The brighter side of sleeplessness

January 10, 2009

They say sleep won’t come easy by the end of March, when the two of us become three. Babies wake up every two hours, and they wake entire blocks too, I’ve heard. The thought was funny when this was someone else’s problem. Now, through circumstance or deep down preparation, I wake up in darkness, wondering what time it is. And why I woke up. Every breath is audible, and hints at the sleeper’s state. When trash trucks rattle and squeak by below, the breathing is shallow, silent. Then slowly it returns, the deep breath that lingers at the edge of a snore, comforting reassurance of an uninterrupted pattern of life.

The body protests its own decision with a heaviness that doesn’t bode well for the hours to come. Should I get up? Or should I sleep? Is this my decision to make? Closing the eyes does nothing when you’re conscious about it. Making a deliberate effort to slip into sleep isn’t the ideal way, and I only become more aware of every sound and every movement.

The fridge is filled with fruits and vegetables, but not a damn thing to munch on at 3.15. Chips are banned, biscuits are hardly adequate, and there’s no ice cream. There’s no namkeen, either. Unbelievable frustration ensues. I have to visualize a happier time, specifically the years 1997-2001, when the diet consisted of Doritos, Cheetos, and Mountain Dew. Still, nothing to eat at present.

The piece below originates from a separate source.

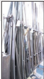
Partial view of raw material
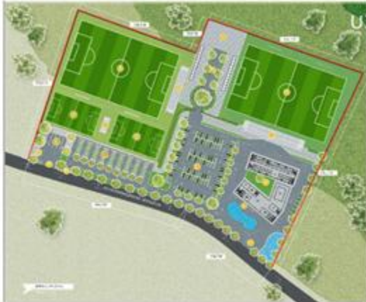
Figure 11 Siteplan Design

The site plan is the planning and arrangement of physical elements on the site. In the design of the Football Training Center with a Sustainable Architecture approach, visitor vehicle circulation paths, placement of green open spaces, utilities, and other supporting elements that function to support activities in this building.

Other countries leave their interesting television content for late nights and early mornings. In India, you have stuff like Revenge of the Happy Plums VI on Star Movies, and killer-worms-hungry-for-human-blood sort-of movies on HBO. Also, there’s no Fashion TV. So nothing in the fridge, and nothing on television. And the PS3 is broken. Which reminds me – and as I write this, I’m suddenly feeling happier – repairing a PS3 takes serious cash. Maybe this is a sign. And there’s a good season coming up for game releases. Suddenly insomnia, or rather being up when no one else is, doesn’t seem like such a bad idea. Woo.